Всем хорош этот отзыв Набокова, однако этот отзыв покровительственный, так пишут о младших современниках. Пиотровский и был на два года моложе своего рецензента. Но разве идут в какое-либо сравнение приведенные нами прочувствованные слова с тем шепотом офиологического восхищения, с каким Годунов-Чердынцев пишет о Кончееве:

«Среди знакомой толпы, где новых лиц было немного, Федор Константинович тотчас завидел Кончеева, впервые пришедшего в кружок. Глядя на сутулую, как будто даже горбатую фигуру этого неприятно тихого человека, таинственно разраставшийся талант которого только дар Изоры мог бы пресечь, – этого все понимающего человека, с которым еще никогда ему не довелось потолковать по-настоящему – а как хотелось – и в присутствии которого он, страдая, волнуясь, и безнадежно скликая собственные на помощь стихи, чувствовал себя лишь его современником, – глядя на это молодое, рязанское, едва ли не простоватое, даже старомодно-простоватое лицо, сверху ограниченное кудрей, а снизу крахмальными отворотцами…» [809]809
  Набоков В.Собр. соч.: В 4 т. М.: Правда, 1990. Т. 3. С. 59. В дальнейшем ссылки на это издание даются в тексте с указанием страницы.


[Закрыть]
.

Здесь путаница «человеческих комплектов» намеренна и входит в состав художественной идеологии автора: любой набоковский герой, самый ничтожный и легковесный, может выпалить яркую остроту, афоризм, подпустить заветную мысль творящего их писателя. Они, собственно говоря, и сотворены с целью запутать читателя обманками, ибо, как признавал Набоков, «единственное неудобство, которое я действительно испытываю, происходит оттого, что я живу в мастерской, среди неподошедших конечностей и недоделанных торсов» [810]810
  Набоков В.Лолита. Нью Йорк: Phaedra, 1967. С. 295.


[Закрыть]
. Кудря Кончеева и призвана пустить критических ищеек по ложному следу, однако набоковская идеология обмана предусматривает двойной ложный след: на других страницах романа внешность Кончеева резко ходасевичевеет: «…одинокий, неприятный, близорукий человек, с какой-то неправильностью во взаимном положении лопаток» (29).

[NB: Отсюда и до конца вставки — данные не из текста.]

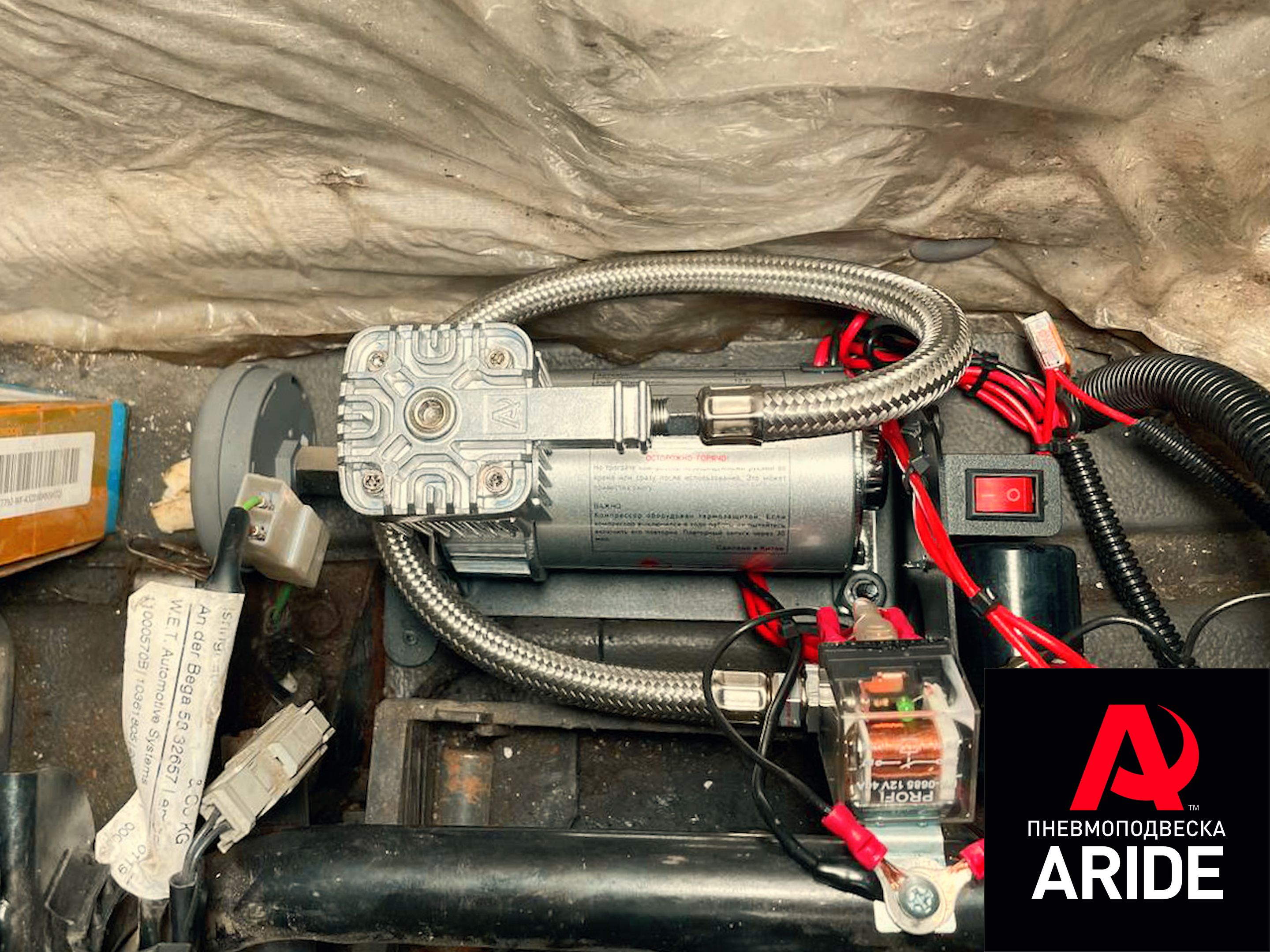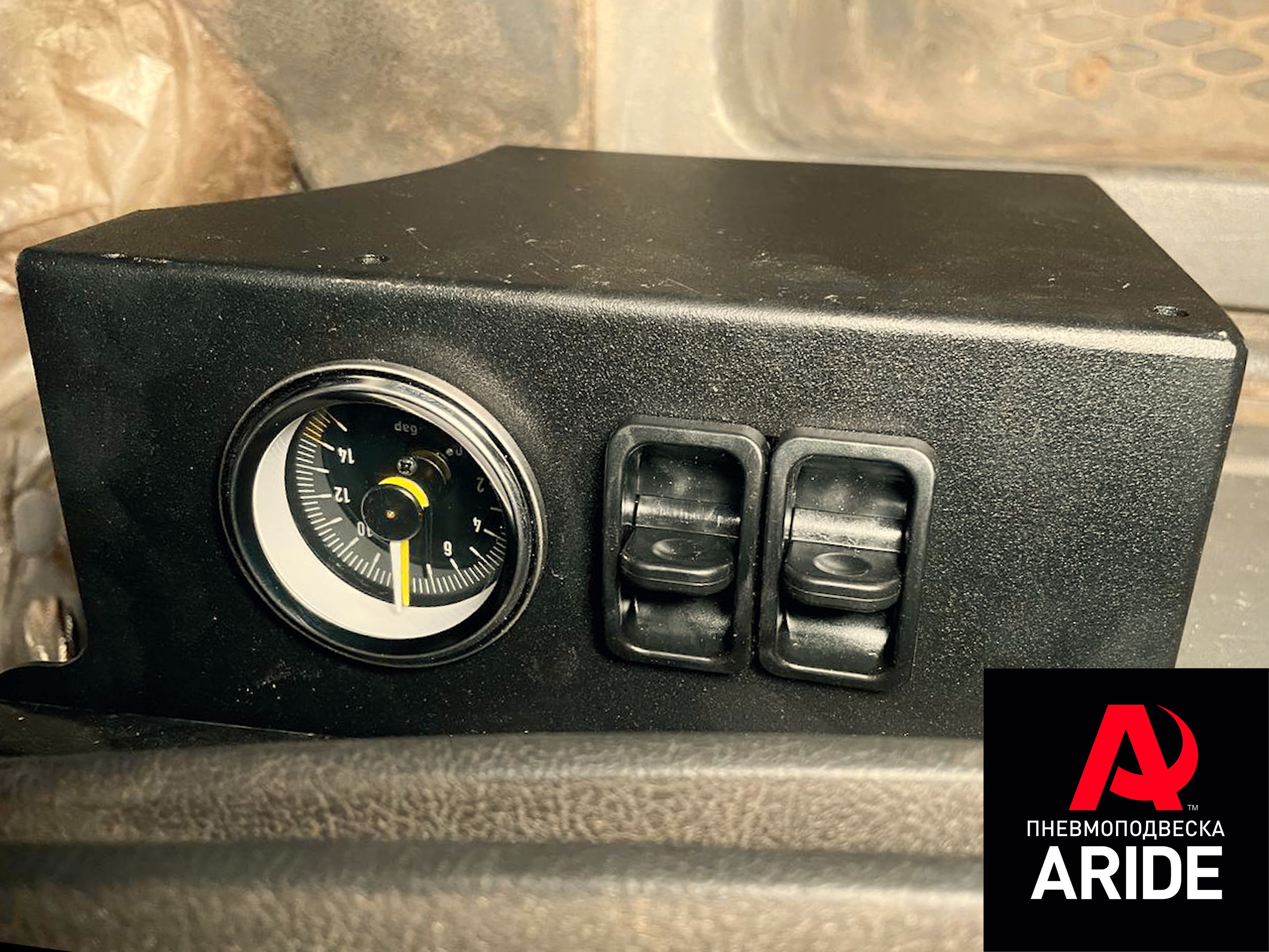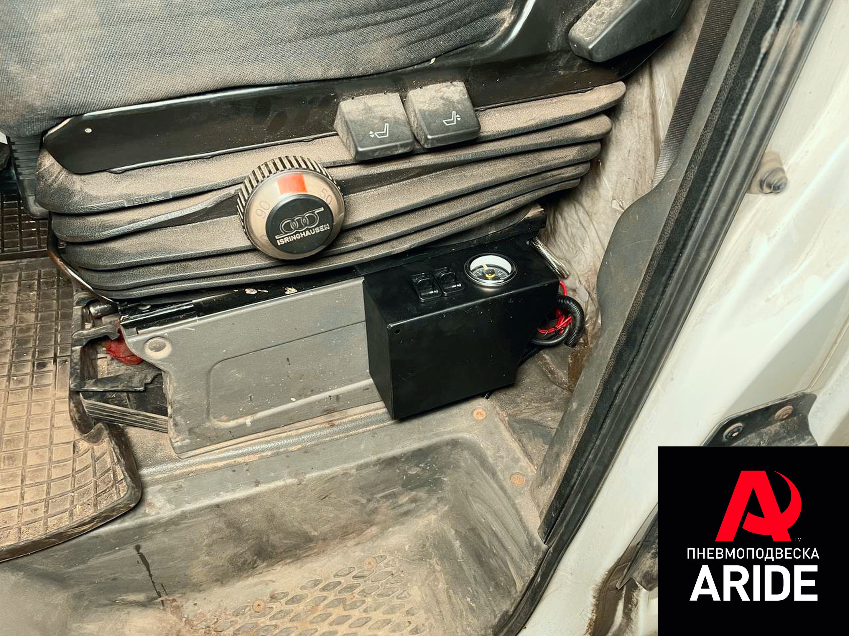 Управление пневмоподвеской реализовано за счёт двухконтурной системы управления 2.Оптимал. Данная система оборудована компрессором ARIDE 100, который способен накачать в пневмоэлементы давление до 8 атмосфер. Отслеживание и регулировка давления в подушках происходит за счёт двухстрелочного манометра и двух пневмоклавиш. Блок управления был установлен слева от водительского сидения, а сам компрессор расположился за водительским сидением.

Еще больше сходства с Ходасевичем в «кончеевовидном немце» из пятой главы:

«Он поднялся по другому скату, и там, наверху, у спускавшейся опять тропинки сидел на скамейке под дубом, с медленно чертящей тростью в задумчивых руках, сутулый молодой человек в черном костюме.

– Неужели вам не жарко? – сносил Федор Константинович.

– Нисколько. У меня слабая грудь, и я всегда зябну» (303)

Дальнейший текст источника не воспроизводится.